• **WORK ORDER**:
Give the entries back exactly, dropping each image.

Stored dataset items
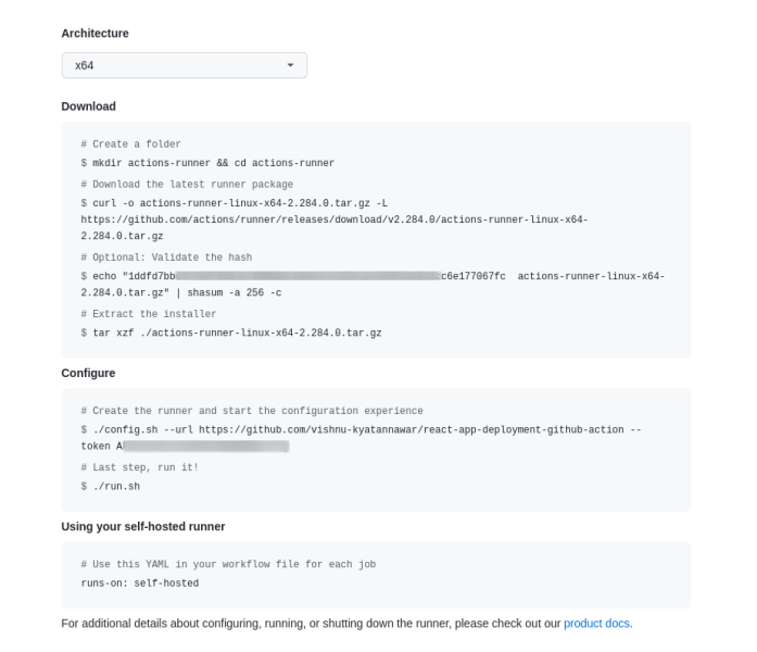 We have the workflow in place but we still did not specify which self hosted server to use. For this you need to add a GitHub Runner to the repo.
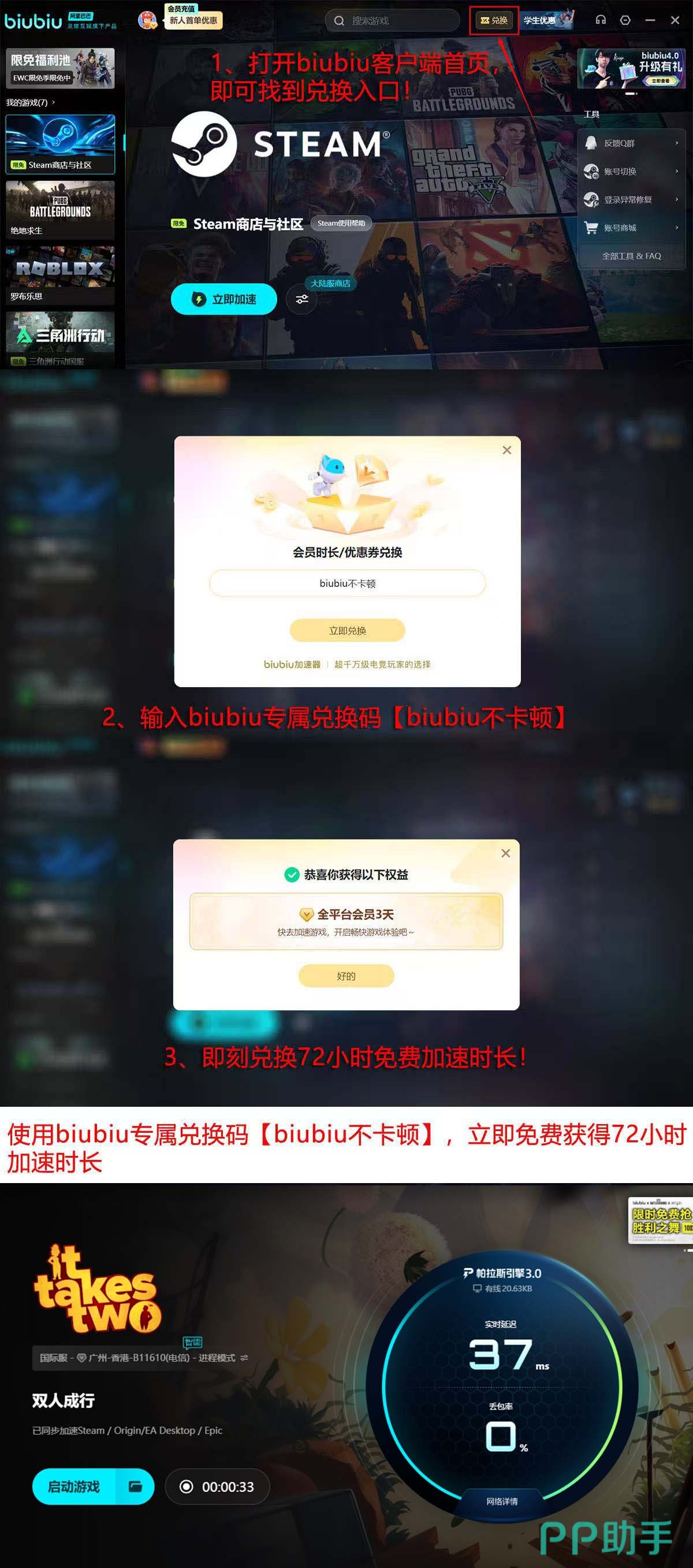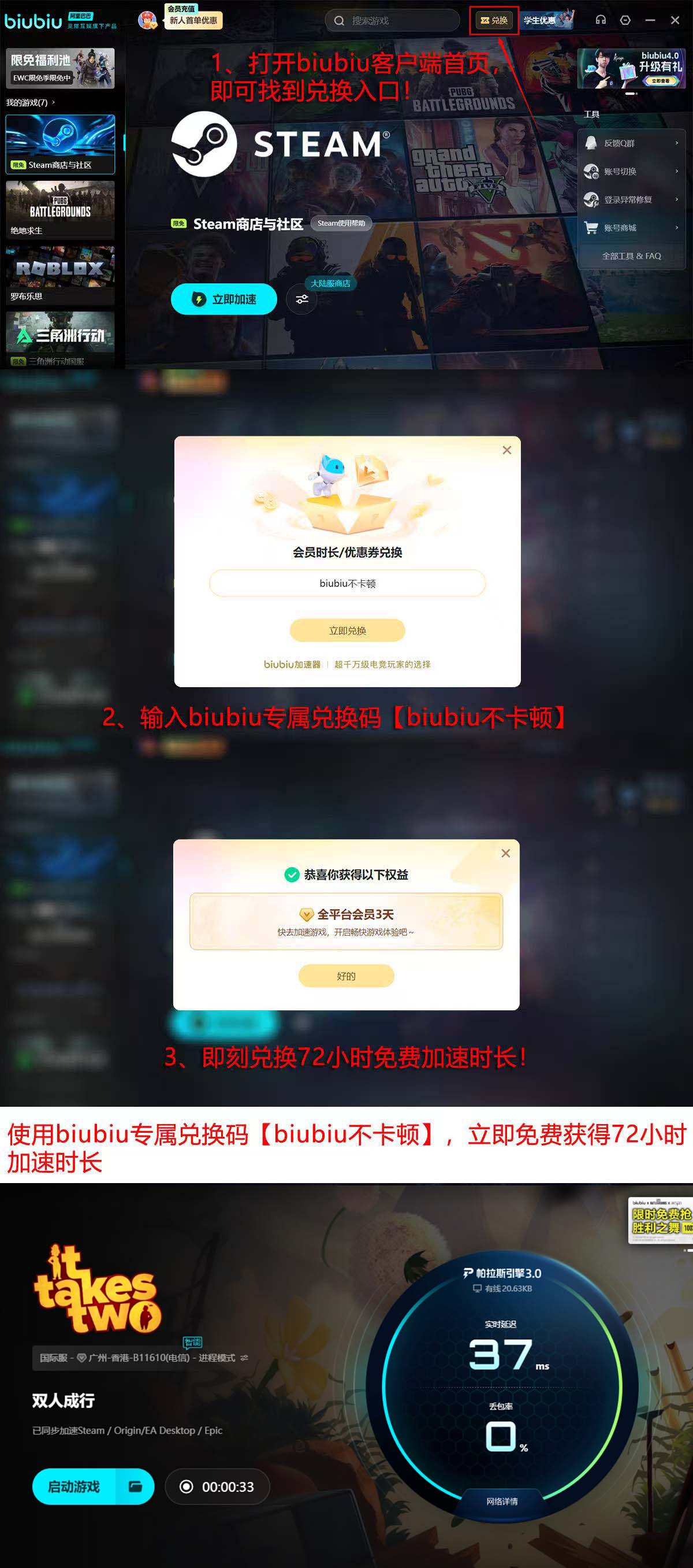 除限免权益外,新用户注册即赠24小时全功能加速时长,无需手动领取;另可通过客户端首页“兑换”入口输入口令【biubiu不卡顿】,额外获取72小时加速权限。两项叠加,总计可享96小时免费服务。若所选游戏处于限免期内,口令时间可延后激活,灵活适配个人使用节奏。
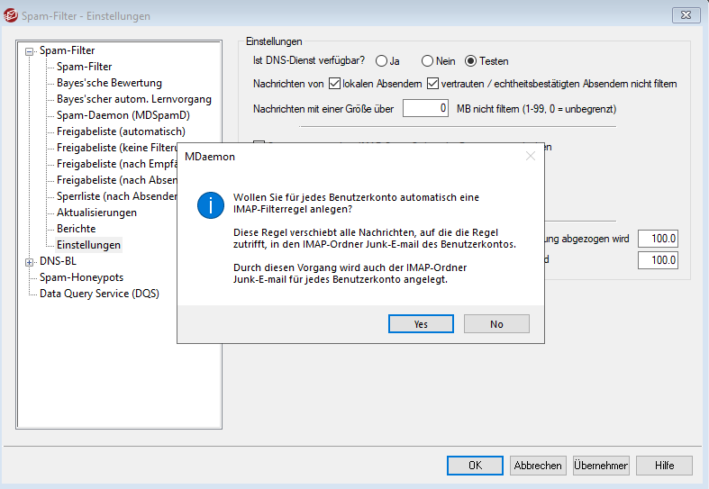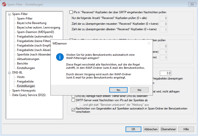 Es wird ein IMAP-Filter angelegt, der auf alle Konten des Servers angewendet wird und automatisch alle Spam-E-Mails in die lokalen Junk-E-Mail-Ordner der einzelnen Nutzer verschiebt.
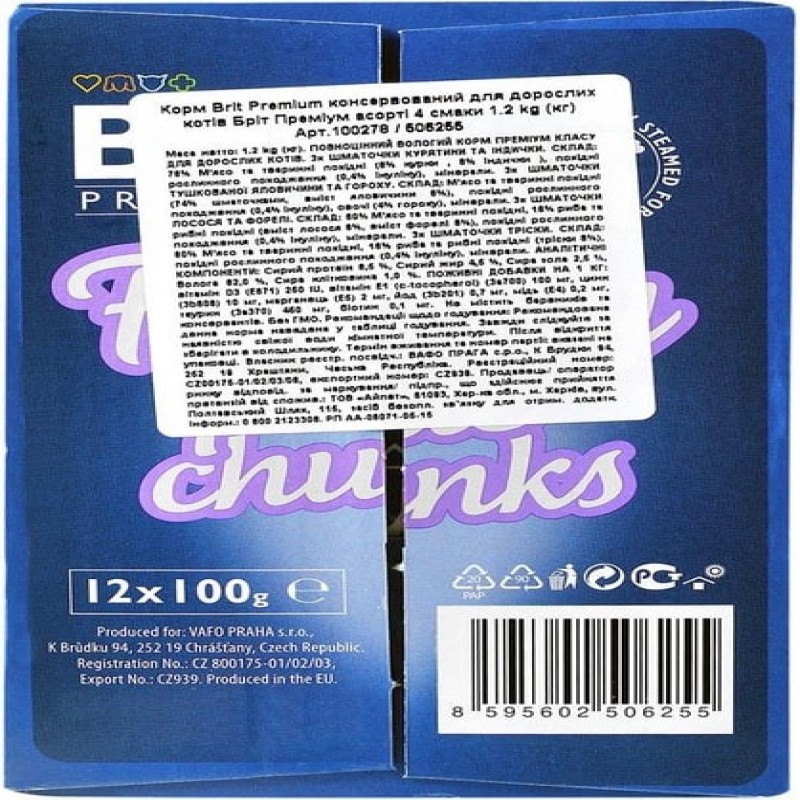 Упаковка вологого корму для кішок Brit Premium сімейна тарілка асорті 4 смаку 100 г х 12 шт (8595602
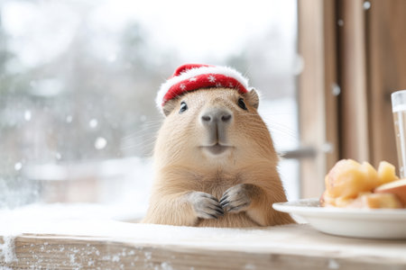 A capybara wearing a cheerful red hat sits comfortably at a wooden cafe table, looking curiously at a plate of food, while snowflakes softly fall outside the window.
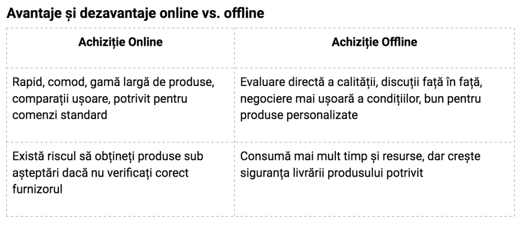 Prețul contează, dar nu ar trebui să fie principalul criteriu. Un cost foarte mic poate ascunde o calitate slabă. Solicitați oferte detaliate, cu mențiuni clare despre preț pe unitate, transport, taxe etc.! Luați în calcul calitatea și timpul de livrare garantat!
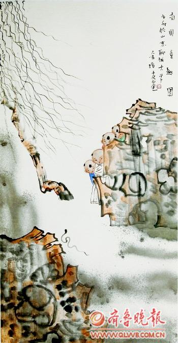 金增友 中国美术家协会会员,中国工笔画学会会员,被国家人事部授予“中国画杰出人才”称号,现为山东聊城大学美术学院教授。 ◥《南园童趣图》 金增友
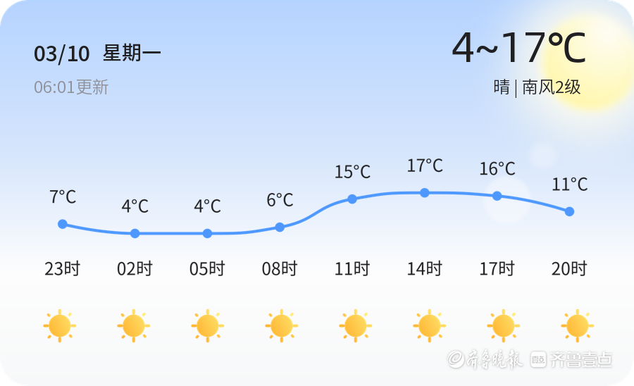 今天是2025年3月10日,农历二月十一,淄博的天气以晴朗为主,气温在4℃到17℃之间,南风2级,空气湿度63%,空气质量稍差,PM2.5指数为113。淄博各区普遍晴朗,阳光明媚,适合市民外出活动。

• **TASK SOLUTION**:
 We have the workflow in place but we still did not specify which self hosted server to use. For this you need to add a GitHub Runner to the repo.
 除限免权益外,新用户注册即赠24小时全功能加速时长,无需手动领取;另可通过客户端首页“兑换”入口输入口令【biubiu不卡顿】,额外获取72小时加速权限。两项叠加,总计可享96小时免费服务。若所选游戏处于限免期内,口令时间可延后激活,灵活适配个人使用节奏。
 Es wird ein IMAP-Filter angelegt, der auf alle Konten des Servers angewendet wird und automatisch alle Spam-E-Mails in die lokalen Junk-E-Mail-Ordner der einzelnen Nutzer verschiebt.
 Упаковка вологого корму для кішок Brit Premium сімейна тарілка асорті 4 смаку 100 г х 12 шт (8595602
 A capybara wearing a cheerful red hat sits comfortably at a wooden cafe table, looking curiously at a plate of food, while snowflakes softly fall outside the window.
 Prețul contează, dar nu ar trebui să fie principalul criteriu. Un cost foarte mic poate ascunde o calitate slabă. Solicitați oferte detaliate, cu mențiuni clare despre preț pe unitate, transport, taxe etc.! Luați în calcul calitatea și timpul de livrare garantat!
 金增友 中国美术家协会会员,中国工笔画学会会员,被国家人事部授予“中国画杰出人才”称号,现为山东聊城大学美术学院教授。 ◥《南园童趣图》 金增友
 今天是2025年3月10日,农历二月十一,淄博的天气以晴朗为主,气温在4℃到17℃之间,南风2级,空气湿度63%,空气质量稍差,PM2.5指数为113。淄博各区普遍晴朗,阳光明媚,适合市民外出活动。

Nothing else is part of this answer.